__Your instructions__: Please restate each line of the material word for word and omit any pictures.

__Material provided__:
——————————

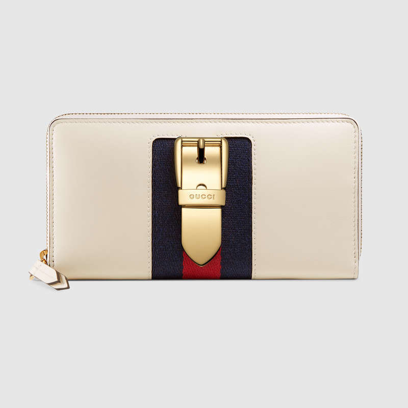 476083 GUCCI Sylvie 系列 皮革 蓝红尼龙织带拼皮 全拉链式皮夹 白色
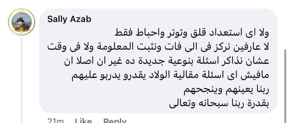 وقالت ولية أمر أخرى: الولاد مش عارفين الأسئلة المقالية هتكون إزاي وعبارة عن اية ومفيش حد دربهم عليها والسنة اللي فاتت لماكانوا في أولي ثانوي مكنش الامتحانات فيها مقالي.
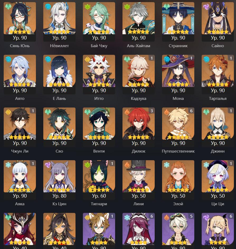 📈 Ранг: 60 🧍‍♀️ Персонажи: Мавуика, Аль-Хайтам, Аято и другие ✨ Примогемы: 115
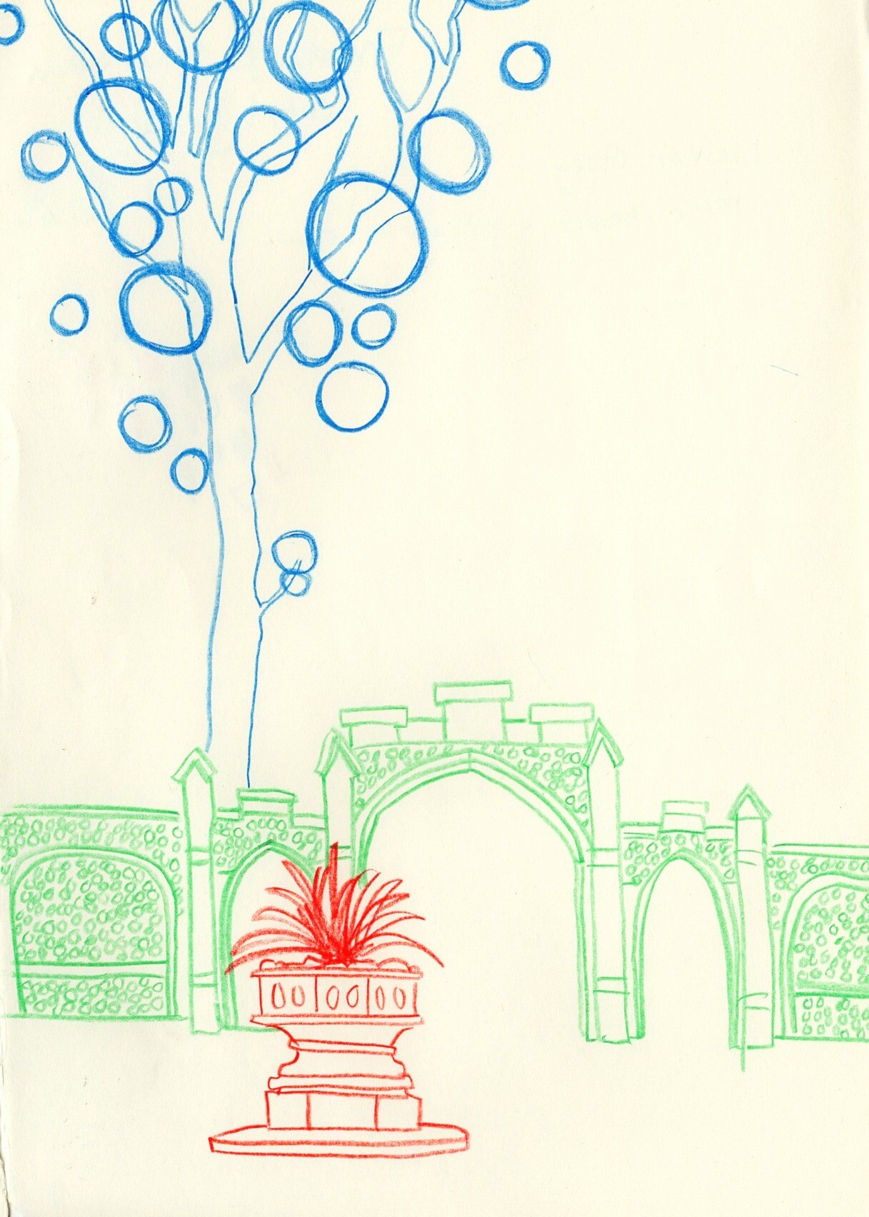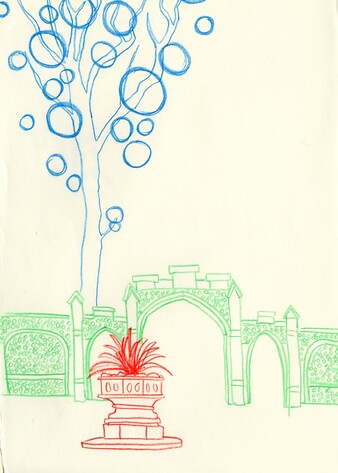 Line drawing in three colours at Caversham Court, in Reading. This is sat inside, looking out through the entrance archway. I always liked the trees outside with their balls of mistletoe.

——————————

__Exercise answer__:
 476083 GUCCI Sylvie 系列 皮革 蓝红尼龙织带拼皮 全拉链式皮夹 白色
 وقالت ولية أمر أخرى: الولاد مش عارفين الأسئلة المقالية هتكون إزاي وعبارة عن اية ومفيش حد دربهم عليها والسنة اللي فاتت لماكانوا في أولي ثانوي مكنش الامتحانات فيها مقالي.
 📈 Ранг: 60 🧍‍♀️ Персонажи: Мавуика, Аль-Хайтам, Аято и другие ✨ Примогемы: 115
 Line drawing in three colours at Caversham Court, in Reading. This is sat inside, looking out through the entrance archway. I always liked the trees outside with their balls of mistletoe.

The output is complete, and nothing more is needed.